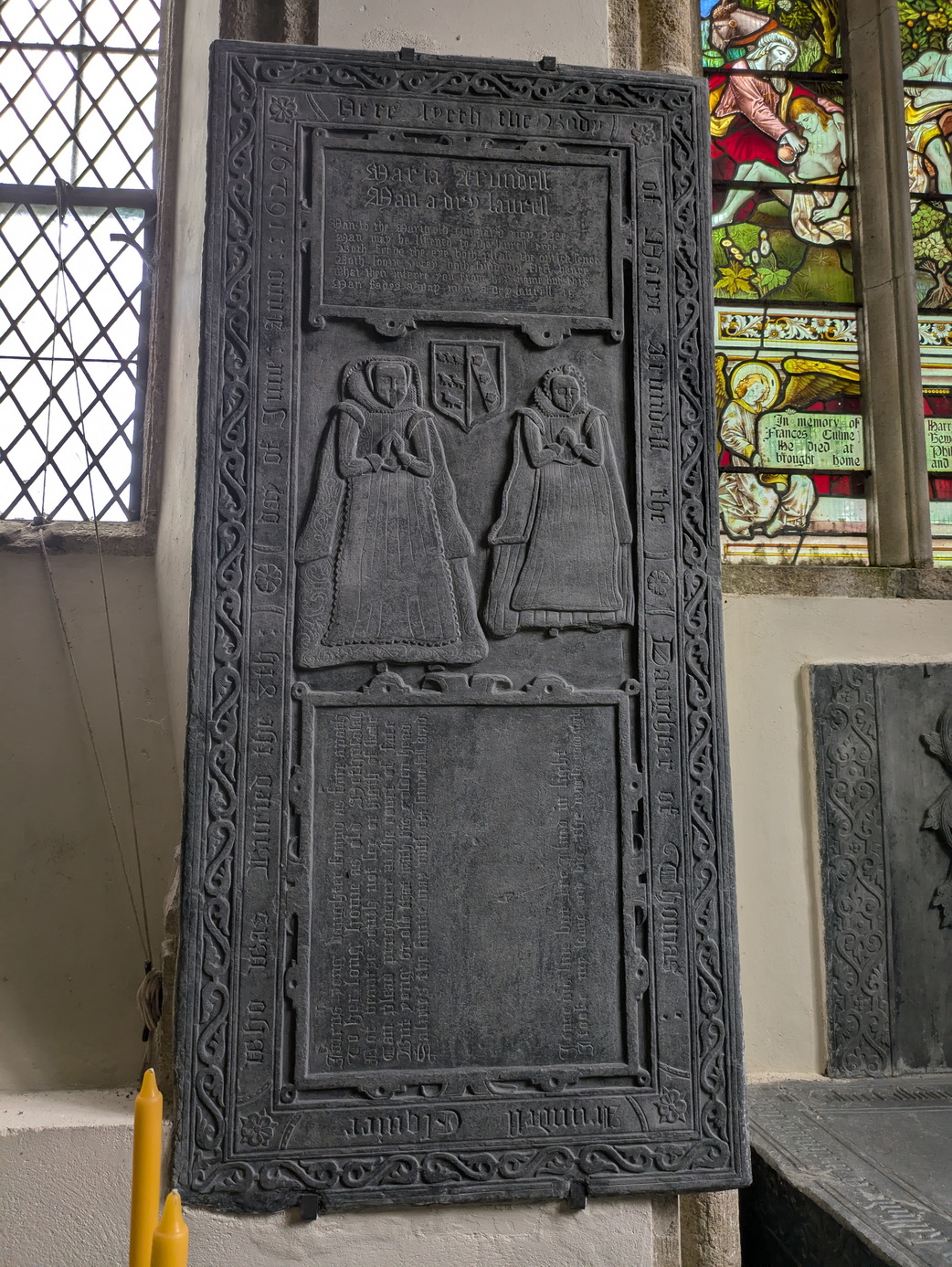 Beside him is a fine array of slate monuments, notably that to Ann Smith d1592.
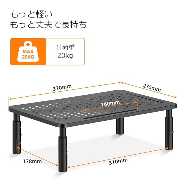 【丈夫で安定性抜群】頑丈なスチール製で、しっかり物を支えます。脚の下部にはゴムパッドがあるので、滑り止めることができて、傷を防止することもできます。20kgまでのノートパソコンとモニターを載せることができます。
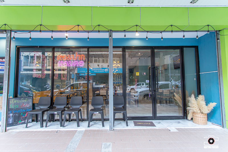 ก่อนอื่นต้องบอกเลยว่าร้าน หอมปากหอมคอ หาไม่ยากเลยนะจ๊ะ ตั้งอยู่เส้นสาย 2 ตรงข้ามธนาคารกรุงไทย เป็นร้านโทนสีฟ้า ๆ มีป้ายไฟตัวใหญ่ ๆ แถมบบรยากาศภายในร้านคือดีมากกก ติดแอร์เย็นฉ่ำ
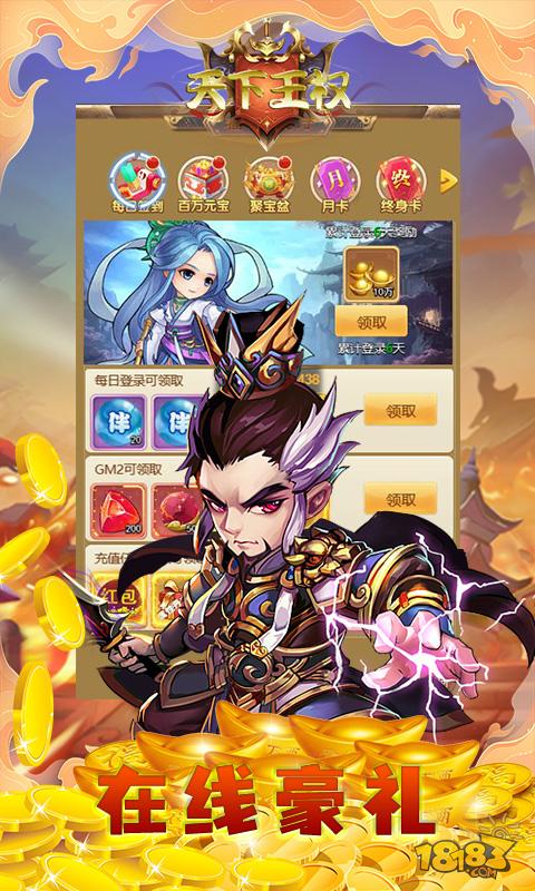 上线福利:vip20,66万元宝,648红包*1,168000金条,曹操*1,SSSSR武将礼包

...

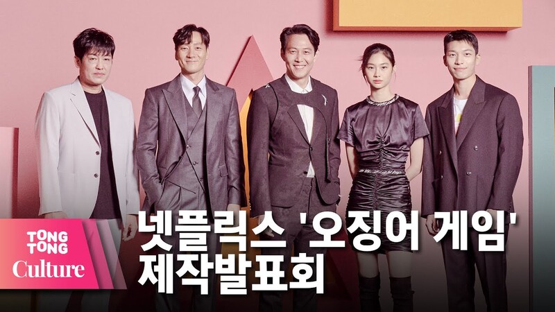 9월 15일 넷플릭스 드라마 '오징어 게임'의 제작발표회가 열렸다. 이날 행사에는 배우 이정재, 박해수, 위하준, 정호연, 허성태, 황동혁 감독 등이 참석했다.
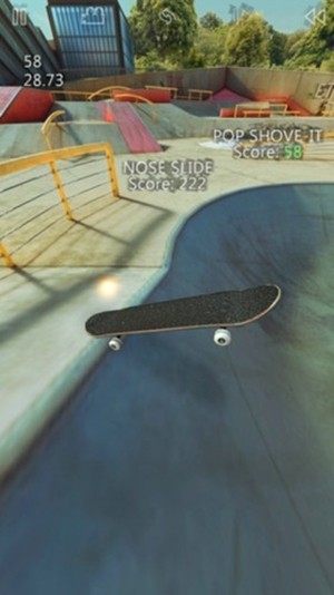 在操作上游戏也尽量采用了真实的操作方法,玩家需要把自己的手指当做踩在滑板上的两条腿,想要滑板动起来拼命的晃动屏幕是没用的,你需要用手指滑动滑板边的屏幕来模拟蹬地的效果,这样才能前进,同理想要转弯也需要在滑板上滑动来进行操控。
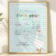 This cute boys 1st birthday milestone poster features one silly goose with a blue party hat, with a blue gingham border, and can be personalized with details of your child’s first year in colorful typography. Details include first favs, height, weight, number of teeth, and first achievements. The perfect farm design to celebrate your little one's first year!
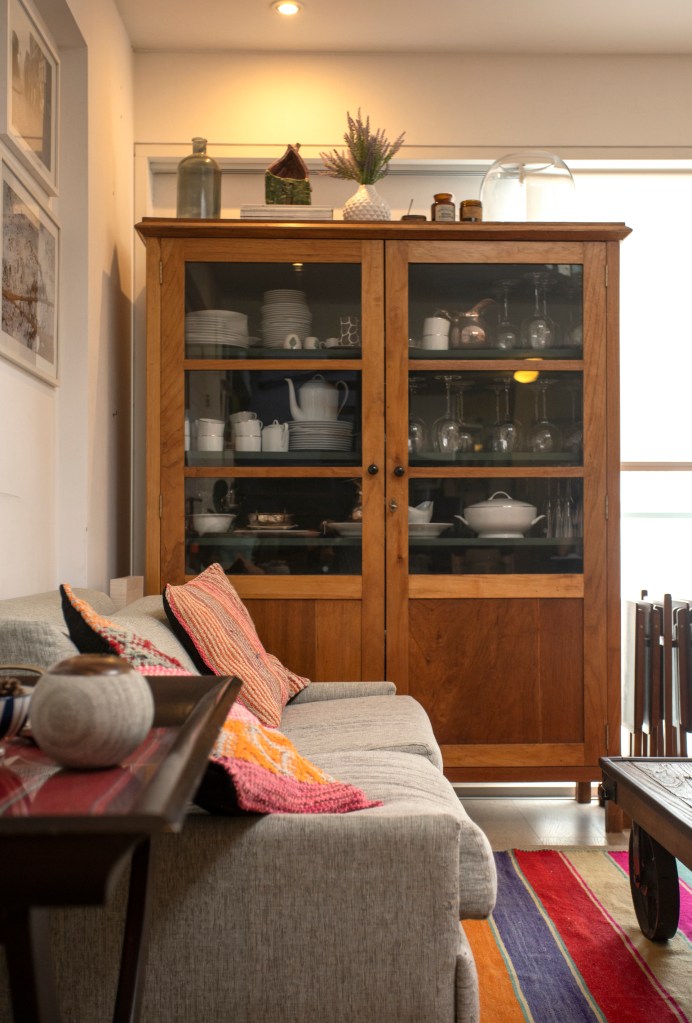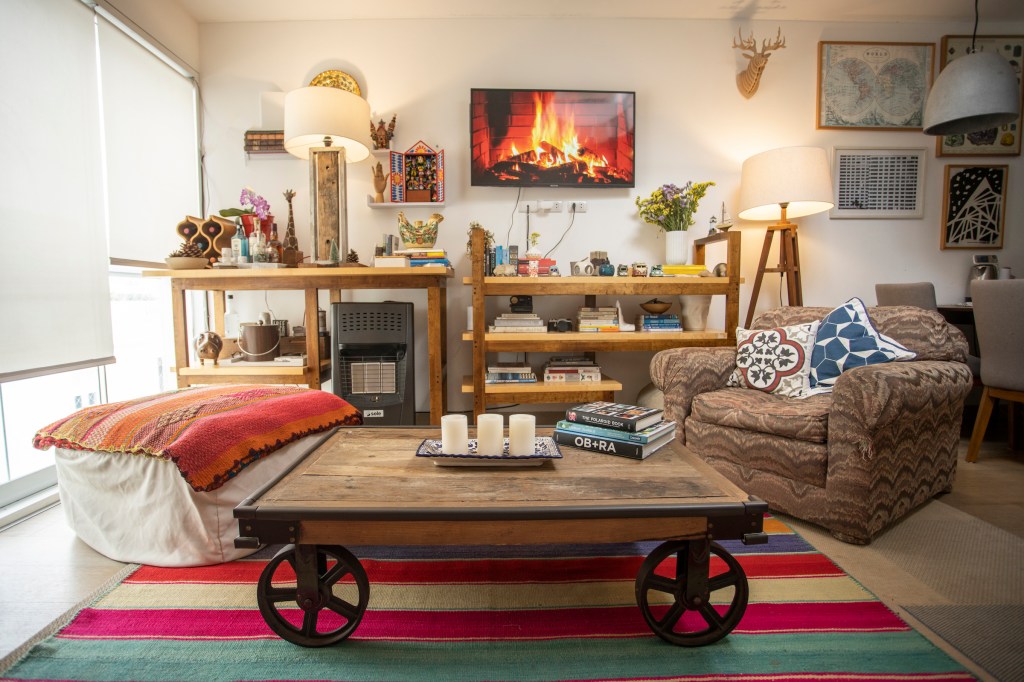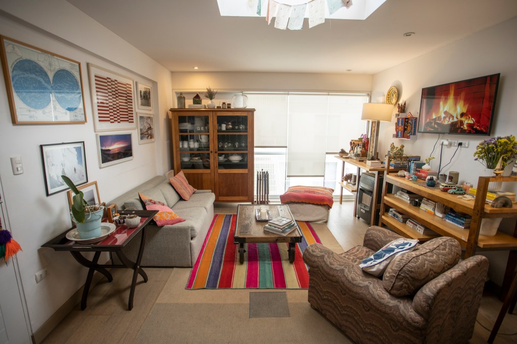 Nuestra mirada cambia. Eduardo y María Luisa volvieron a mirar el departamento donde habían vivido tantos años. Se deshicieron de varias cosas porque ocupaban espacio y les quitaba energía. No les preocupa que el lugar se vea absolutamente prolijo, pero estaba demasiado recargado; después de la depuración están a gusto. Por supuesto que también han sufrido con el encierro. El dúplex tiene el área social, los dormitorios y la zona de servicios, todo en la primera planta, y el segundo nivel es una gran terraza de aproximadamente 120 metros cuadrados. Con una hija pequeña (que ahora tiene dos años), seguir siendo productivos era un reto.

- _TASK BRIEF_: Copy the entries above exactly, but only the stretch from the line containing "This cute boys" through the line containing "Nuestra mirada cambia.". Keep both end lines; drop the pictures.

- _TASK ANSWER_:
 This cute boys 1st birthday milestone poster features one silly goose with a blue party hat, with a blue gingham border, and can be personalized with details of your child’s first year in colorful typography. Details include first favs, height, weight, number of teeth, and first achievements. The perfect farm design to celebrate your little one's first year!
 Nuestra mirada cambia. Eduardo y María Luisa volvieron a mirar el departamento donde habían vivido tantos años. Se deshicieron de varias cosas porque ocupaban espacio y les quitaba energía. No les preocupa que el lugar se vea absolutamente prolijo, pero estaba demasiado recargado; después de la depuración están a gusto. Por supuesto que también han sufrido con el encierro. El dúplex tiene el área social, los dormitorios y la zona de servicios, todo en la primera planta, y el segundo nivel es una gran terraza de aproximadamente 120 metros cuadrados. Con una hija pequeña (que ahora tiene dos años), seguir siendo productivos era un reto.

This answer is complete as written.